▸ Task requirements: Check each line of the material for "around" and report how many lines have it, with nothing added.

▸ Extracted information:
++++++
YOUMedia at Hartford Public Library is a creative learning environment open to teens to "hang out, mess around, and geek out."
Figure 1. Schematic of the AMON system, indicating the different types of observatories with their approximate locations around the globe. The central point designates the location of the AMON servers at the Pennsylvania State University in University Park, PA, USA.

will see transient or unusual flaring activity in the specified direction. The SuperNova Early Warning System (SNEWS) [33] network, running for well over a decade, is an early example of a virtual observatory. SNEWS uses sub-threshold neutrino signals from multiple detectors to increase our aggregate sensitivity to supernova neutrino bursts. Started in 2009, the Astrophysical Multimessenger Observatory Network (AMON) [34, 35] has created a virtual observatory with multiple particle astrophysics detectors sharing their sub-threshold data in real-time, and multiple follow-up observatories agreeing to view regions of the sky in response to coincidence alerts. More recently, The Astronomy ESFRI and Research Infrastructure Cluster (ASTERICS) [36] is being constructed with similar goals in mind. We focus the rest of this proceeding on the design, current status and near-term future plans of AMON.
++++++
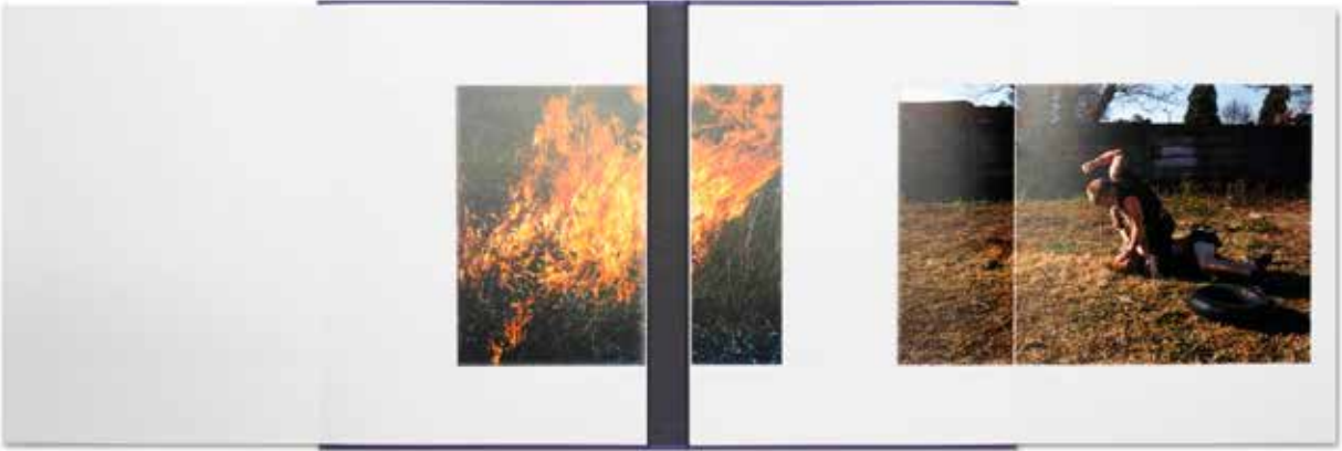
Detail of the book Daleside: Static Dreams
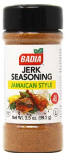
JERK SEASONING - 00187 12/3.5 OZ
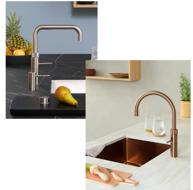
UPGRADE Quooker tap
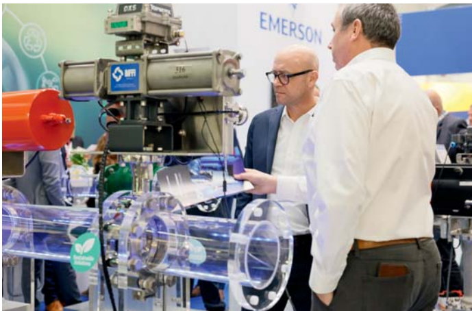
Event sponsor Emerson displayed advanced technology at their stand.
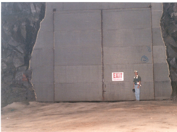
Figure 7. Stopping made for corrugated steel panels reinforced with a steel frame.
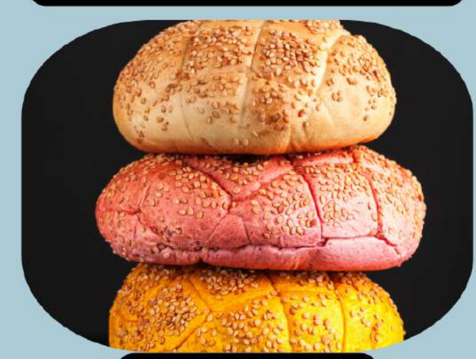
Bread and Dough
++++++
▸ Output of the exercise: 2